If a double-ringed Moon’s clamp was used, dissection and separation of the vas deferens and the nearby tissues was performed concurrently in one step, without significant injury, via simple manipulation of the position of the Moon’s clamp. The use of a sharp blade or diathermy was not required. This would result in reduced operation and recovery time, thereby minimising the possibility of postoperative complications. In most cases, approximately 10–15 minutes were spent for each side, from the initial formation of the scrotal incision to the dissection and separation of the vas deferens. After the surgical area of the vas deferens was resected segmentally, and the luminal status of the upper and lower vas deferens checked, the surgeons initiated a series of microsurgical procedures for vasovasostomy. Microscopic laboratory confirmation of the presence of sperm was performed only in cases where fluid was naturally oozing from the testicular vas during the course of the surgery. This was performed so that the results obtained in this study could be compared with those obtained in other studies involving long-term monitoring of patients.

In the present study, all patients who underwent mini-incision microsurgical vasovasostomy using a double-ringed Moon’s clamp had upper and lower vas deferens portions that were naturally close to each other. Thus, no accessory device was needed for an artificial approach and for fixation of the vas deferens. In addition, the supermicrosurgical vasectomy reversal was conducted as a three-layer anastomosis, using the microdot technique (five or six dots were placed with a blue methylene marker) proposed by Goldstein et al for better suture placement.(5) The anastomosis was done using 10-0 and 9-0 nylon sutures, under a surgical microscope with 10–15 times magnification. The mini-incision used in the surgery was maintained after the surgery. A single stitch, together with an additional small amount of local skin anaesthesia, was sufficient for suturing the incision, since the length of the incision did not exceed 10 mm (Figs. 1e–i).
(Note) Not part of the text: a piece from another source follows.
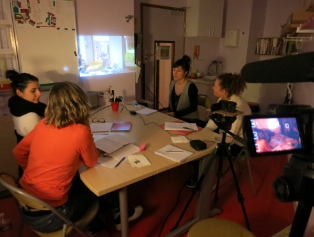 8 heures de rushes ont été tournés. Ils vont être copiés sur DVD pour que l’équipe puisse les voir, les décryptés. Chacune va écrire sur un cahier de dérushage de telle sorte qu’elle s’imprègne au mieux de toute la matière et qu’elle se prépare au montage qui sera confié à un monteur professionnel. Ce dérushage collectif, place l’équipe dans le rôle de réalisatrice et servira à « argumenter » sur le sens à donner au film.

The mean duration from the time of injection of a local anaesthetic agent into the skin and spermatic cord of the patient to the time dissection and separation of the bilateral vas deferens was completed in preparation for anastomosis was 25.5 (range 20–40) minutes. After resection of the previous vasectomy area in the separated vas deferens, vasovasostomy was performed as a three-layer anastomosis using the microdot technique under a surgical microscope. A mean duration of 72.6 (range 70–90) minutes was spent for both anastomoses; the end time was the time after the skin incision (< 10 mm in length) was sutured (by a single stitch) and dressed. All procedures were performed in an outpatient surgery unit, with spermatic cord anaesthetic block as the only method of anaesthesia used.(4) All patients were discharged on the day of surgery after approximately one hour of relaxation and observation. A total of 221 (84.0%) patients visited the CR Microsurgery Center for follow-up one day after the surgery, while other patients visited their local hospital. All but one patient had no haematoma or infection of the incision. The patients were allowed to return to their normal activities 24–48 hours after surgery, unless a particular trauma was applied to the scrotum, and to take a quick shower 48–72 hours after the surgery. They were prohibited from engaging in sexual activity for at least one month after the surgery. When the patients visited the CR Microsurgery Center for their first follow-up to check on the patency of the vas deferens one month after surgery, semen analysis was done. Results showed surgical success (i.e. vas deferens patency); motile sperms were detected in 182 (96.8%) of the 188 (71.5%) patients who complied with postoperative patient instructions.(8)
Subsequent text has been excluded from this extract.